START RECORD EXTRACTS
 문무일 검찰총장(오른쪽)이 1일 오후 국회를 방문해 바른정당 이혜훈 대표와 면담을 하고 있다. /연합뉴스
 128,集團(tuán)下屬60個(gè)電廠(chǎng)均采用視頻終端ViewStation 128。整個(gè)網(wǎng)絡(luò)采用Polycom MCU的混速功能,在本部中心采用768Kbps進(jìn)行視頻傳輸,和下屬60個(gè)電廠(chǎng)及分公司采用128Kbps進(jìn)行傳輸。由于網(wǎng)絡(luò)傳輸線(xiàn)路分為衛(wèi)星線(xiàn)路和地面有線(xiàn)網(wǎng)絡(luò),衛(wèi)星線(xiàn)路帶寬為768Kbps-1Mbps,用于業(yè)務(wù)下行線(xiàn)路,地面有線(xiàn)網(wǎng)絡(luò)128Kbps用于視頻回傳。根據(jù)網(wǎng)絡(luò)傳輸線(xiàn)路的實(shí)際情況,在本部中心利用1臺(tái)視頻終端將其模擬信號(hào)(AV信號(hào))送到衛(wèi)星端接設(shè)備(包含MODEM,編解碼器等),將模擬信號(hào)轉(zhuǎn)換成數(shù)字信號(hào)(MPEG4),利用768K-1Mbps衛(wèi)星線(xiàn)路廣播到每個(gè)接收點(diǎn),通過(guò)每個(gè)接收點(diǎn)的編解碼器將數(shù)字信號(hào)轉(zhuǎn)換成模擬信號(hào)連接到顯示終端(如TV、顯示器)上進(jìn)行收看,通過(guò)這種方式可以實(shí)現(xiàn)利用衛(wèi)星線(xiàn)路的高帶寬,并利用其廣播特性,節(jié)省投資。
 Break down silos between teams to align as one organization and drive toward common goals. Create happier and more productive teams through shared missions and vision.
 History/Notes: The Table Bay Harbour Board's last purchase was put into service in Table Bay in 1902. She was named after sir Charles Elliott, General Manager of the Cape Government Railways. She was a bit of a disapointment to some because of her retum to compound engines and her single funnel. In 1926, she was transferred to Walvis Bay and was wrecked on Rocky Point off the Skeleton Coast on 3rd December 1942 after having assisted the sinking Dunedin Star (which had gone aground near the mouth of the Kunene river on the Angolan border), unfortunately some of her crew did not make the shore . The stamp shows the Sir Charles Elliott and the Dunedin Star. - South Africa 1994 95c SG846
END RECORD EXTRACTS
START RECORD EXTRACTS
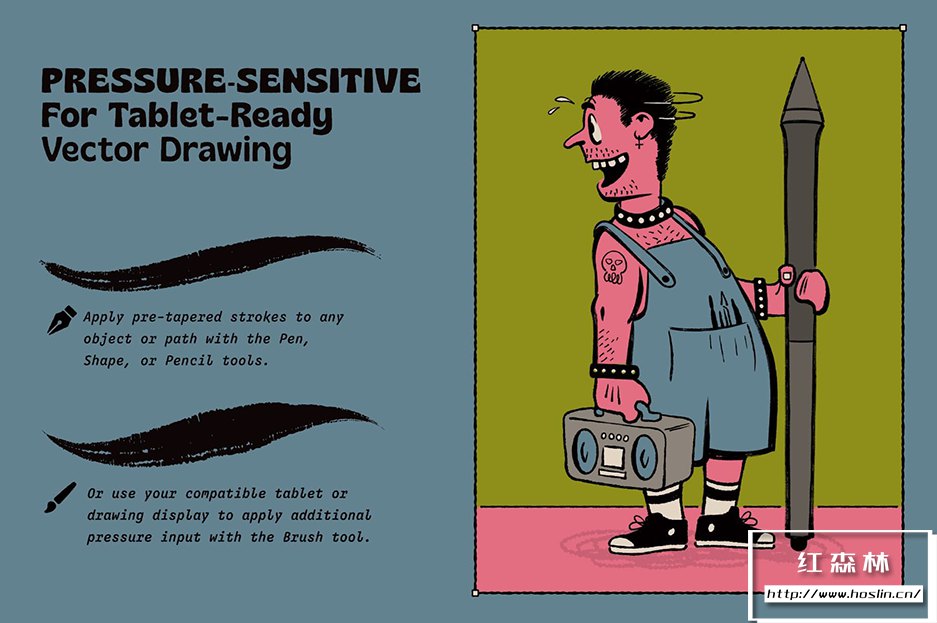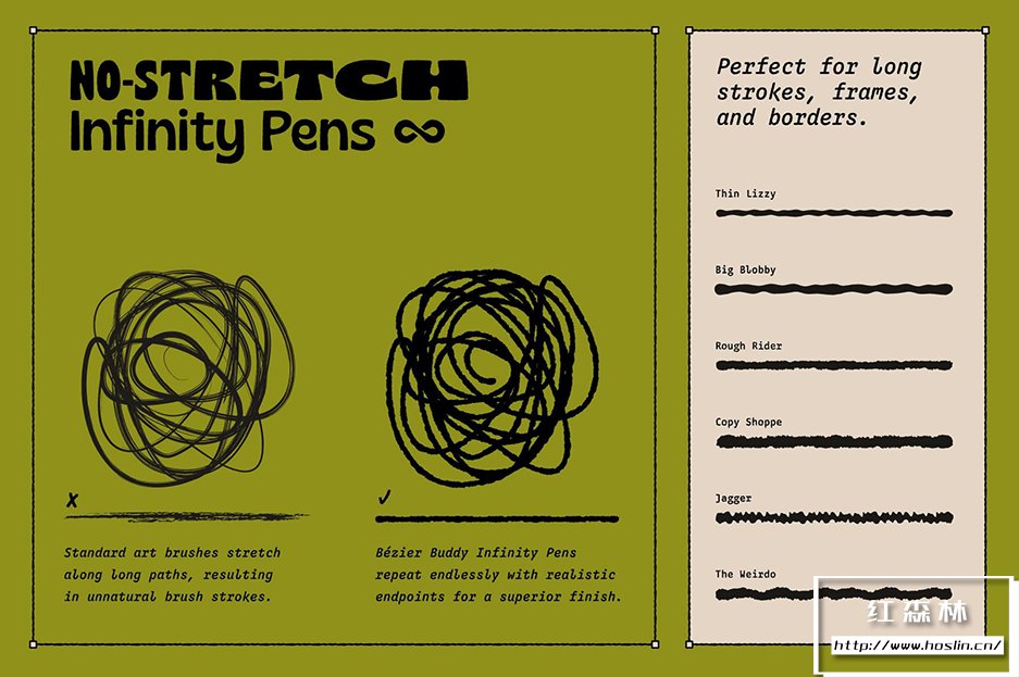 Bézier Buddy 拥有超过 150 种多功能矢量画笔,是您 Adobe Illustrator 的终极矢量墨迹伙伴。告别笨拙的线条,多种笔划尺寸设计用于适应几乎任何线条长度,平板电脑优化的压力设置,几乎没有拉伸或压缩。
END RECORD EXTRACTS
• WHAT THE TASK REQUIRES:
Print exactly the lines above, between the one holding "문무일 검찰총장(오른쪽)이 1일" and the one holding "Break down silos", inclusive, and nothing besides.

• EXERCISE RESULT:
 문무일 검찰총장(오른쪽)이 1일 오후 국회를 방문해 바른정당 이혜훈 대표와 면담을 하고 있다. /연합뉴스
 128,集團(tuán)下屬60個(gè)電廠(chǎng)均采用視頻終端ViewStation 128。整個(gè)網(wǎng)絡(luò)采用Polycom MCU的混速功能,在本部中心采用768Kbps進(jìn)行視頻傳輸,和下屬60個(gè)電廠(chǎng)及分公司采用128Kbps進(jìn)行傳輸。由于網(wǎng)絡(luò)傳輸線(xiàn)路分為衛(wèi)星線(xiàn)路和地面有線(xiàn)網(wǎng)絡(luò),衛(wèi)星線(xiàn)路帶寬為768Kbps-1Mbps,用于業(yè)務(wù)下行線(xiàn)路,地面有線(xiàn)網(wǎng)絡(luò)128Kbps用于視頻回傳。根據(jù)網(wǎng)絡(luò)傳輸線(xiàn)路的實(shí)際情況,在本部中心利用1臺(tái)視頻終端將其模擬信號(hào)(AV信號(hào))送到衛(wèi)星端接設(shè)備(包含MODEM,編解碼器等),將模擬信號(hào)轉(zhuǎn)換成數(shù)字信號(hào)(MPEG4),利用768K-1Mbps衛(wèi)星線(xiàn)路廣播到每個(gè)接收點(diǎn),通過(guò)每個(gè)接收點(diǎn)的編解碼器將數(shù)字信號(hào)轉(zhuǎn)換成模擬信號(hào)連接到顯示終端(如TV、顯示器)上進(jìn)行收看,通過(guò)這種方式可以實(shí)現(xiàn)利用衛(wèi)星線(xiàn)路的高帶寬,并利用其廣播特性,節(jié)省投資。
 Break down silos between teams to align as one organization and drive toward common goals. Create happier and more productive teams through shared missions and vision.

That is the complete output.